On Llama-4 MLP, a 12.7× speedup is achieved with 20 samples; TVM fails to reach this level even with 3,000 samples.
The advantage is greatest in low-budget settings—high-quality optimization sequences are discovered within the first few dozen samples.

Highlights & Insights¶

LLM as proposer, not decision-maker: The LLM's role is precisely scoped as a "context-aware transformation proposer," while correctness and search structure are guaranteed by MCTS. This LLM-in-the-loop design paradigm is worth adopting broadly.
MDP formulation of compiler optimization: Modeling transformation sequences as an MDP allows the theoretical guarantees of MCTS to apply directly.
Cross-hardware generalization: The same framework is effective on ARM, x86, and Apple Silicon without hardware-specific tuning.

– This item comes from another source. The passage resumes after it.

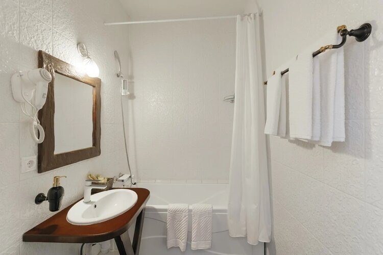 кабельное телевидение, Wi-Fi, интернет, телефон, кондиционер, светильник, фен, система безопасности, электронные замки, обогреватель, ванна или душевая кабина, санузел, халаты, банные полотенца, тапочки, гигиенические средства, косметические средства, двуспальная кровать, тумбы, шкаф для одежды, вешалки, зеркало, звуконепроницаемые стены и окна, чайный набор, набор посуды, обслуживание номеров, информационная карта, меню, сейф, минеральная вода, унитаз, раковина, питьевая вода, ковровое покрытие, отопление, кулер на этаже, плиточное покрытие, высокие потолки, стаканы, столовые приборы, туалетный столик, тумба, туалетный столик, туалетные средства, телевизор с плоским экраном, мини-холодильник, мансардные окна, номер для некурящих, пуфикВ гостиничном номере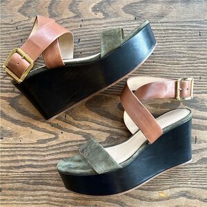 Stylish platform sandals with brown straps and black soles. Perfect for a chic look.

Limitations & Future Work¶

Dependence on LLM API calls may incur high costs for large-scale deployment.
The code comprehension capability of GPT-4o mini is limited; stronger LLMs may yield further improvements.
Random transformation sequences during rollout may be insufficiently efficient.
No comparison is made against other LLM-for-code compiler optimization works.

vs. TVM/Ansor/MetaSchedule: These methods use evolutionary search or simulated annealing with low sampling efficiency; Reasoning Compiler substantially improves upon this through LLM-guided reasoning.
vs. STOKE: STOKE uses MCMC for superoptimization but also fails to leverage context; the LLM+MCTS combination proposed here is more efficient.
The work demonstrates the significant potential of LLMs in system-level optimization.

Rating¶

Novelty: ⭐⭐⭐⭐⭐ The LLM+MCTS compiler optimization framework is pioneering, elegantly combining LLM reasoning with structured search.
Experimental Thoroughness: ⭐⭐⭐⭐⭐ Covers 5 benchmarks × 5 hardware platforms plus end-to-end evaluation—highly comprehensive.
Writing Quality: ⭐⭐⭐⭐⭐ Formalization is clear and motivation is well articulated.
Value: ⭐⭐⭐⭐⭐ Significant impact for both the compiler and model serving communities.